Co Atena może wiedzieć o empatii i współczuciu?

Co Atena może wiedzieć o empatii i współczuciu?

Mikołaj Foks zaprosił mnie do Polskie Radio Dzieciom na rozmowę o empatii. Temat zaczął krążyć po moich myślach i zachęcił mnie do przypomnienia sobie i Wam treści starogreckiej tragedii „Oresteja” Ajschylosa. Starogreckiej? – zapytacie. Wszak w tej patriarchalnej kulturze, z której i nasza się wywodzi, współczucie dość że cenione nie było, to jeszcze zaczęto traktować je jako słabość. Próżno szukać w panteonie greckich bogów miłosierdzia. A jednak – poświęćmy małą chwilę wspomnianej „Orestei”…

Orestes wywodził się z rodziny, która na skutek wielu tragicznych błędów, niedostrzegania rzeczywistości taką, jaką jest, lecz pozostawania w omamieniu iluzjami sprowadzała na siebie wiele nieszczęść. Nasz bohater również się od nich nie uchronił. Pomimo wahań, świadczących o tym, że jego proces rozwoju emocjonalno-duchowego w jakiś sposób jest aktywny, decyduje się on zabić swoją matkę, Klitajmestrę, aby pomścić swego ojca, Agamemnona. On sam z kolei zginął w akcie zemsty Klitajmestry, pragnącej pomścić z kolei swoją córkę Ifigenię. Moglibyśmy tak bez wytchnienia podróżować w przeszłość, odkrywając kolejne zranienia doświadczane na każdym poziomie, ale myślę, że to wystarczy, abyśmy poczuli, że filtr sprawiedliwości kiepsko się tutaj sprawdza. Stosując go zaczynamy się kręcić w kółko, czując, że w sumie rozumiemy ból wszystkich tych osób, a ich porywy do zemsty nie są pozbawione sensu. Jednocześnie jednak, w żadnym wypadku nie uwalniają one bohaterów od rozpędzonego koła tragicznych wydarzeń. Mknie ono coraz szybciej, pociągając za sobą coraz więcej ofiar.
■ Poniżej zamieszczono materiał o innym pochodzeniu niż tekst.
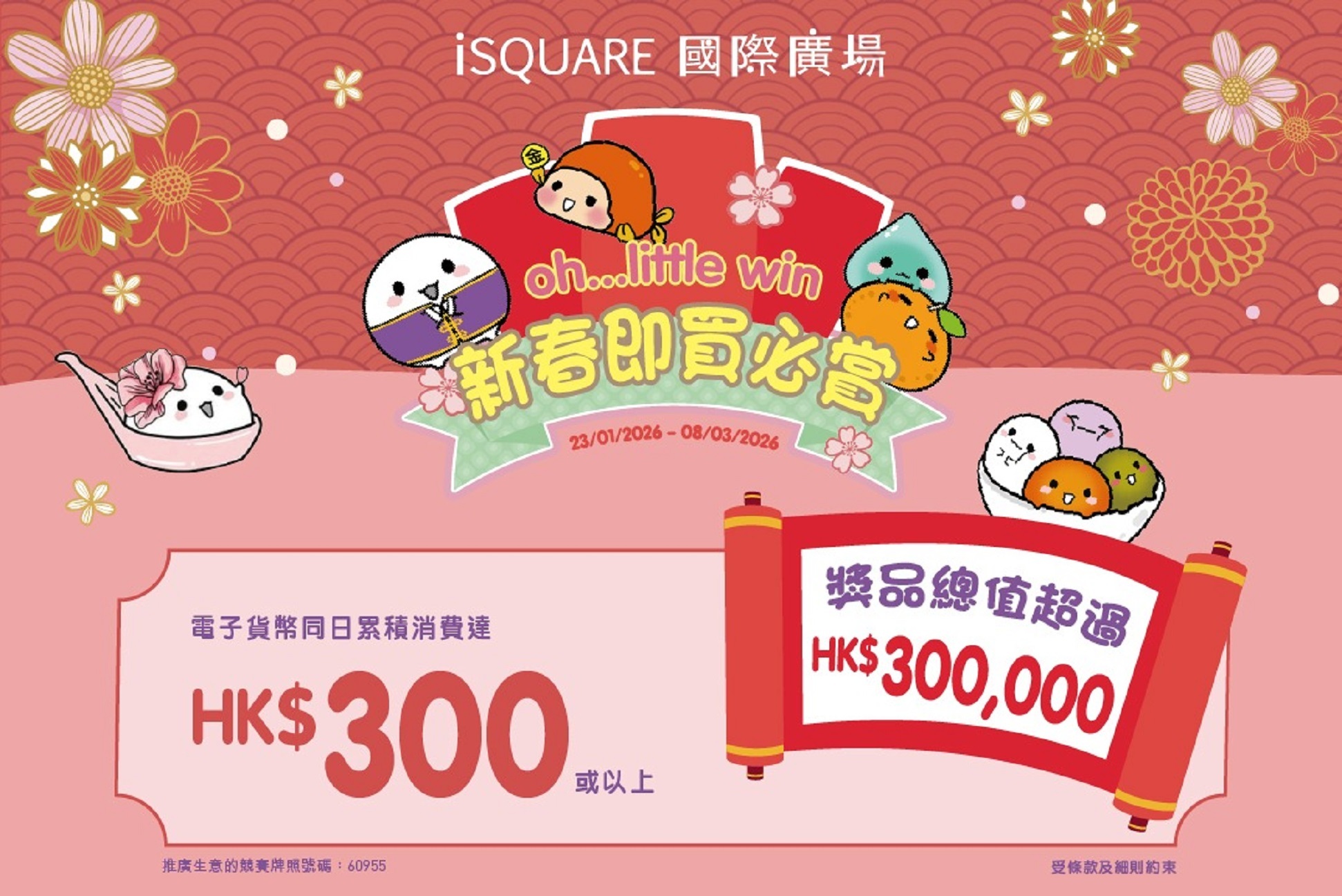 oh…little sweet 最愛跟大家一起分享甜蜜, 農曆新年iSQUARE國際廣場準備了「幸運甜頭」給各位顧客,推出【『oh…little win』新春即買必賞】。2026年1月23日至3月8日蒞臨iSQUARE國際廣場最多兩間不同商戶,以電子貨幣同日累積消費達港幣300元或以上,並成為iSQUARE國際廣場iCLUB會員及出示電子會員卡,即可參加【『oh…little win』新春即買必賞】乙次及賺取iCLUB會員積分。拆開即賞oh…little win 萬事大吉幸運卡,除了有插畫師波比的新年祝福語賀歲墨寶之外,同時亦有價值HK$25 iCOUPON現金券、價值HK$50(3樓、6樓及7樓食肆)iCOUPON現金券、價值HK$50(零售)iCOUPON現金券、價值HK$100(零售)iCOUPON現金券、價值HK$300 iCOUPON現金券或價值HK$900 iCOUPON現金券,吃飯、購物及看電影使用,愈消費愈好使!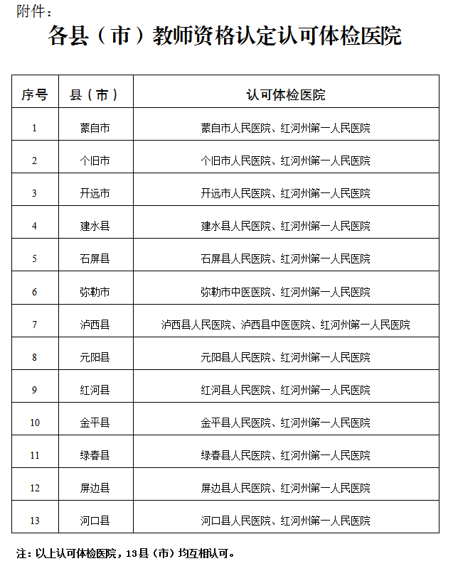(四)能適應教育教學工作的需要,具有良好的身體素質(zhì)和心理素質(zhì)。申請人須按照《教育部教師資格認定指導中心關于調(diào)整申請認定幼兒園教師資格人員體檢標準的通知》(教資字〔2010〕15號)、《人力資源和社會保障部教育衛(wèi)生部關于進一步規(guī)范入學和就業(yè)體檢項目維護乙肝表面抗原攜帶者入學和就業(yè)權利的通知》(人社部發(fā)〔2010〕12號)、《云南省申請教師資格人員體檢辦法》(詳見省教育廳公告)要求,在教師資格認定機構認可的縣級以上醫(yī)院體檢合格(紅河州認可醫(yī)院詳見附件)。

Po śmierci Klitajmestry do akcji wkraczają Erynie, boginie zemsty, kary, gniewu, ale i wyrzutów sumienia. Orestes zwraca się o pomoc do Ateny. Można pomyśleć, że to zaskakujący wybór – Atena to mądrość, sztuka, rzemiosło, wojowniczość, taktyka. Gdzież tu miejsce na współczucie? Bogini ta organizuje jednak proces sądowy Orestesa, podczas którego okazuje się, że ilość głosów za oraz przeciw egzekucji sądzonego jest równa. Atena podejmuje decyzję o ułaskawieniu Orestesa. Erynie wpadają w furię (nomen omen jest to ich łacińskie imię – Furie) i żądają śmierci sądzonego. Bogini namawia je, aby – kierując się łaską – pozwoliły Orestesowi zachować życie. Wprowadza zasadę, wedle której od tej pory dokonywanie odwetu na przestępcy ma być zastąpione procesem sądowym. Erynie dostają nowe imię – Eumenidy, czyli „życzliwe, łaskawe”.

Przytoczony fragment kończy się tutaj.